Surging Chinese investment drives expansion of Egypt’s free zones: GAFI chief

Daily News Egypt
3 Min Read

The surge in Chinese investment demand has been a key driver behind the expansion of Egypt’s free zones, which are now nearing full capacity, according to Hossam Heiba, CEO of the General Authority for Investment and Free Zones (GAFI).

Heiba said the influx of Chinese capital also spurred the establishment of four new free zones in 10th of Ramadan, New October, New Borg El Arab, and New Alamein, all of which are scheduled to begin operations by the end of 2026.

He made the remarks during the inaugural Egypt–China Investment Forum, which gathered representatives from around 200 Egyptian and Chinese companies, including major players such as BYD (electric vehicles), Longi (solar energy manufacturing and management), and Inspur (AI and data centre solutions). The event also brought together leading firms from the textiles, infrastructure, and technology sectors—areas prioritized by both governments for expanded cooperation.

Heiba noted that China ranks as Egypt’s top global trading and investment partner, with more than 2,000 Chinese companies currently operating in the country and investments exceeding $8 billion.

Hossam Heiba, CEO of the General Authority for Investment and Free Zones (GAFI)
Hossam Heiba, CEO of the General Authority for Investment and Free Zones (GAFI)

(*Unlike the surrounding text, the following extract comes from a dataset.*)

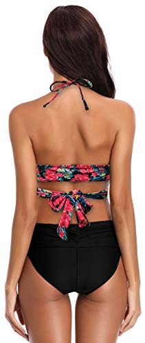 SHEKINI Bikini de Traje de baño de Colores Oscuros para Mujer Bikini de Tirantes Bikini de Cintura Alta de Dos Piezas (Negro-B, L)

Despite this strong presence, he said Egypt continues to seek additional Chinese investment in strategic sectors where it holds competitive advantages—such as automotive manufacturing, pharmaceuticals, home appliances, textiles, ICT, healthcare, education, logistics, tourism, renewable energy, and agriculture.

To attract further investment, Heiba highlighted Egypt’s comprehensive incentive packages, including refunds of up to 50% of investment costs through tax deductions over seven years, as well as simplified regulatory procedures and access to major regional markets.

Meanwhile, Ahmed El-Gendy, General Manager of Haier Egypt, praised the country’s streamlined registration and licensing processes, noting that Haier completed the first phase of its Egyptian factory in just 13 months—making it the fastest-established plant in the company’s global network. The facility has already begun exporting to international markets.

Haier, the world’s largest home appliance manufacturer, operates production sites in China, the United States, South Africa, and the Philippines, with products sold in more than 200 countries. Its Egyptian subsidiary holds the Golden License, which consolidates all necessary permits into a single authorization.

The forum also featured business-to-business (B2B) sessions between Egyptian and Chinese companies to explore joint ventures targeting both the domestic market and international markets connected to Egypt through its network of trade agreements.